For individuals who are interested in saving money and reducing emissions and reliance on energy from overseas, a 12 volt solar charger is a surprisingly simple and convenient alternative. If you’d like to find out more about solar battery chargers, please read on.
The simplest type of battery charger functions by simply supplying a battery with electricity of a specific voltage. The battery placed in the power supply, and disconnected once it’s completely charged. A 12 volt battery may be charged in a 15-18 volt power supply. The main disadvantage of this kind of charger is that there’s nothing to prevent you from overcharging the battery.
An overcharged battery’s life is likely to decrease. Overcharging a 12 volt battery too much can damage it to the point that it will become unable to maintain a charge. The way to make sure that the right voltage is used and that the battery is not overcharged is to employ a charge controller. A charge controller will allow you to take advantage of the functions of a 12 volt solar charger without having to worry about overcharging.
The most common kind of charge controller for 12 volt batteries is a Pulse Width Modulation (PWM) charge controller. In basic terms, this type of charge controller works by flipping a switch on and off very quickly. Initially, the switch stays “on” more. The switch gradually spends less time in the “on” position as power is transferred to the battery, and when it’s fully charged, the switch goes off permanently. In a PWM charge controller, a microprocessor chip usually performs the task of monitoring and controlling the charging process. Thus, you can leave this type of charge controller plugged into a battery indefinitely, since it will only transfer power to the battery when needed, without the danger of overcharging. When you have a battery that you don’t necessarily use all the time, you can take make use of this form of “trickle charging” in order to ensure that the battery is available and fully charged whenever you want to use it. This ability is obviously very appropriate for a 12 volt solar charger. This, in turn, will let you keep the 12 volt battery for your boat or RV charged at all times.

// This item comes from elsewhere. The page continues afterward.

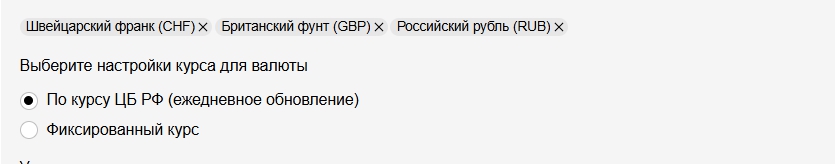 - В одной валюте — все цены подаются в одной из выбранных ранее валют;

With these basic components, you can make a 12 volt solar charger. The source of the power itself is the only thing that makes a 12 volt solar charger different. As you might expect, a solar panel is the source of the power for a solar battery charger. Building your own DIY solar panel for use in a 12 volt solar charger is becoming more common. Read more at Do It Yourself Solar Panel.
For the common solar panels used on buildings, the solar cells are generally about half a volt and three to four amps. If you’re using these types of cells, it will be necessary to use a number of them to generate the 15-18 volts needed to charge a 12 volt battery. Currently, there are small solar panels of numerous different voltages available. It’s necessary to match the voltage of the solar panel to your charge controller. The voltage rating on the charge controller indicates what voltage you’ll need. A solar panel of 15-18 volts is usually the best choice if you’re unable to use a charge controller for whatever reason. Just remember to use the indicated voltage if you are using a charge controller. You can build your own 12 volt solar charger with the help of GreenDIYEnergy. If you’re interested, check out GreenDIYEnergy Review.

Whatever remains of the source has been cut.